*Aim of the task*: Taking the line with "外观:三亚,绿色眼睛,灰色头发,短发,猫耳,猫尾" as the first and the last line of the listing as the final one, please copy exactly those lines and no others, without pictures.

**** Input data ****

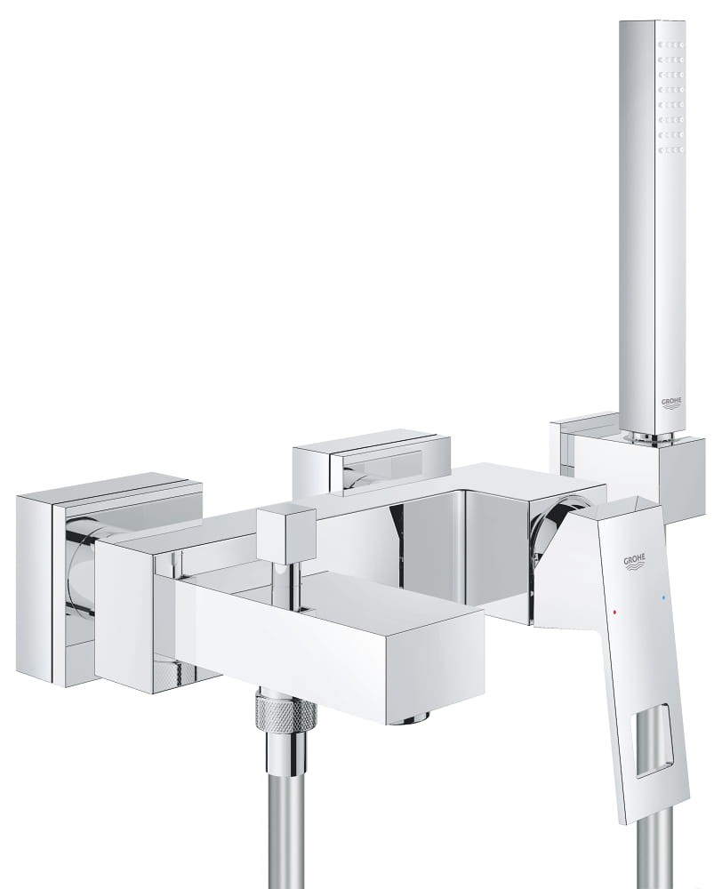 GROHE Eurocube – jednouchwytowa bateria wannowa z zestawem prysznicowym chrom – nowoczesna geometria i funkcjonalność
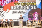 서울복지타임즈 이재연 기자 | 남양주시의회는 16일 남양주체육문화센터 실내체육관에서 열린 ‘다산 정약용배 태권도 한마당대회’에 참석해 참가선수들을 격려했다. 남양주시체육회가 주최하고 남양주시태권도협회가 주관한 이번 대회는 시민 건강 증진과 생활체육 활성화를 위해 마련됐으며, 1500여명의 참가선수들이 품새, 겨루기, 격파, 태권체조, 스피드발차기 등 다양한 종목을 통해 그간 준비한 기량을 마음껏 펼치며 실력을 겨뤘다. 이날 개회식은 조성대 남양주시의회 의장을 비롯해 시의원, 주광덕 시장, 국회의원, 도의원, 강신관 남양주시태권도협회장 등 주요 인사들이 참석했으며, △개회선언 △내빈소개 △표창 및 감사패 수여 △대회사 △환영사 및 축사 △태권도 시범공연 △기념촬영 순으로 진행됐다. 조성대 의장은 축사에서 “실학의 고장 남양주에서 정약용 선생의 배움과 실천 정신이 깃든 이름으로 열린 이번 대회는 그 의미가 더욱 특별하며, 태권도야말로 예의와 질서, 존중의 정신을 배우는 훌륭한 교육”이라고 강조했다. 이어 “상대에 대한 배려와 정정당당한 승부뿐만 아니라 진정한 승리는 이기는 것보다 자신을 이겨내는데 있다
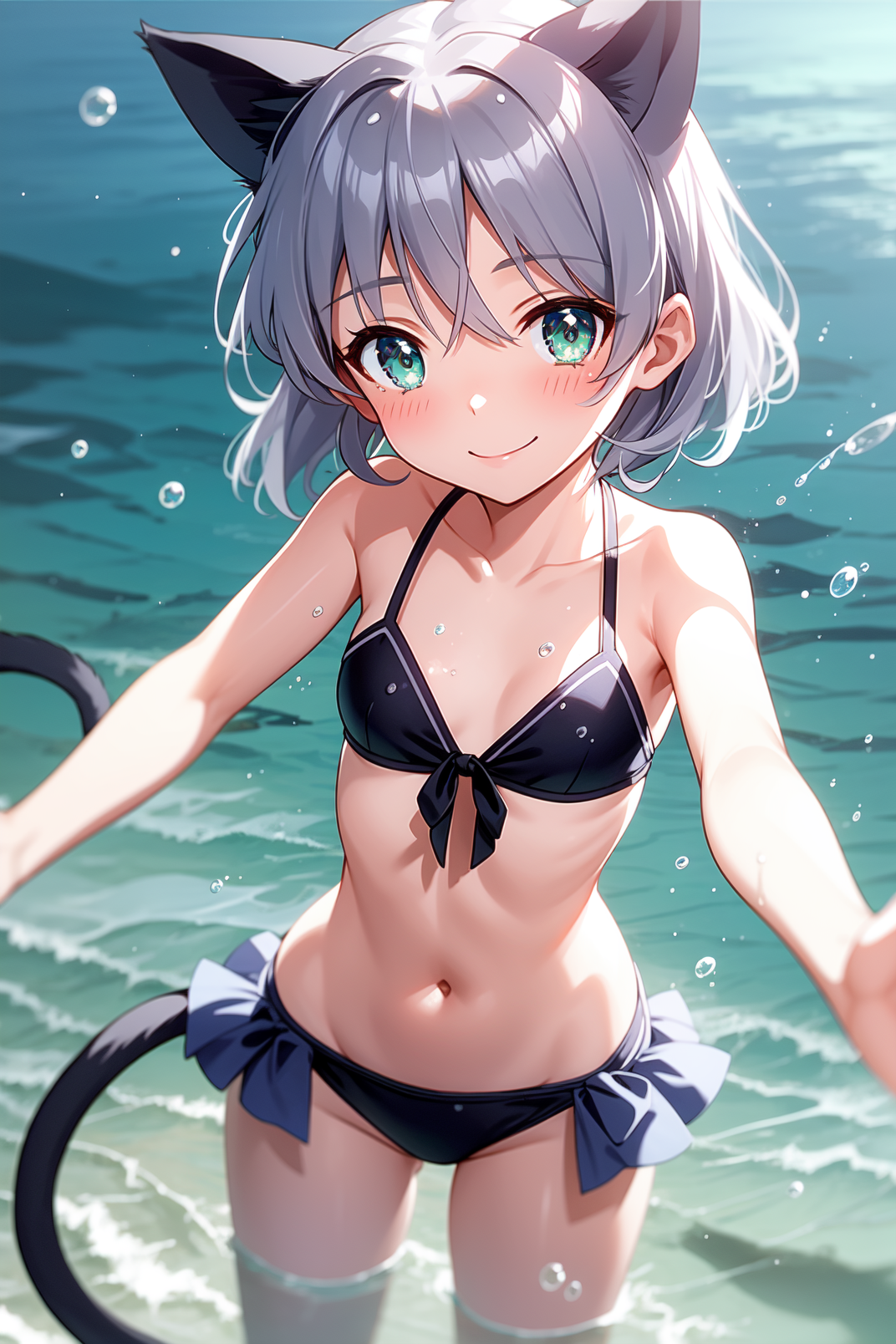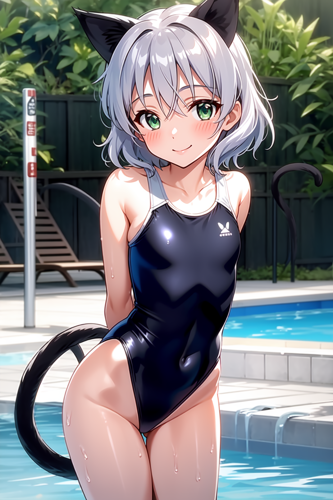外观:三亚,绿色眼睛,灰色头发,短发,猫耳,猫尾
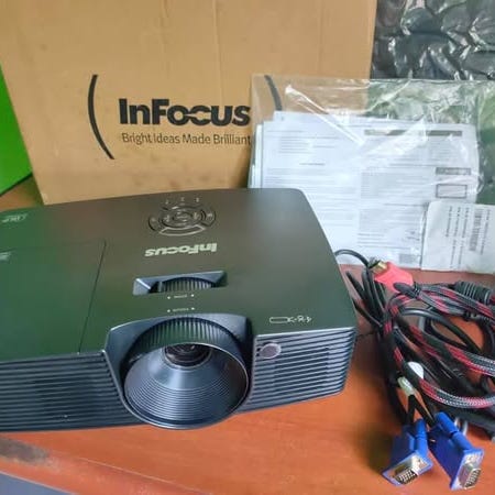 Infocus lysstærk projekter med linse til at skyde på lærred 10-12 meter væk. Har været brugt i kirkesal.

****

*Response to the task*:
外观:三亚,绿色眼睛,灰色头发,短发,猫耳,猫尾
 Infocus lysstærk projekter med linse til at skyde på lærred 10-12 meter væk. Har været brugt i kirkesal.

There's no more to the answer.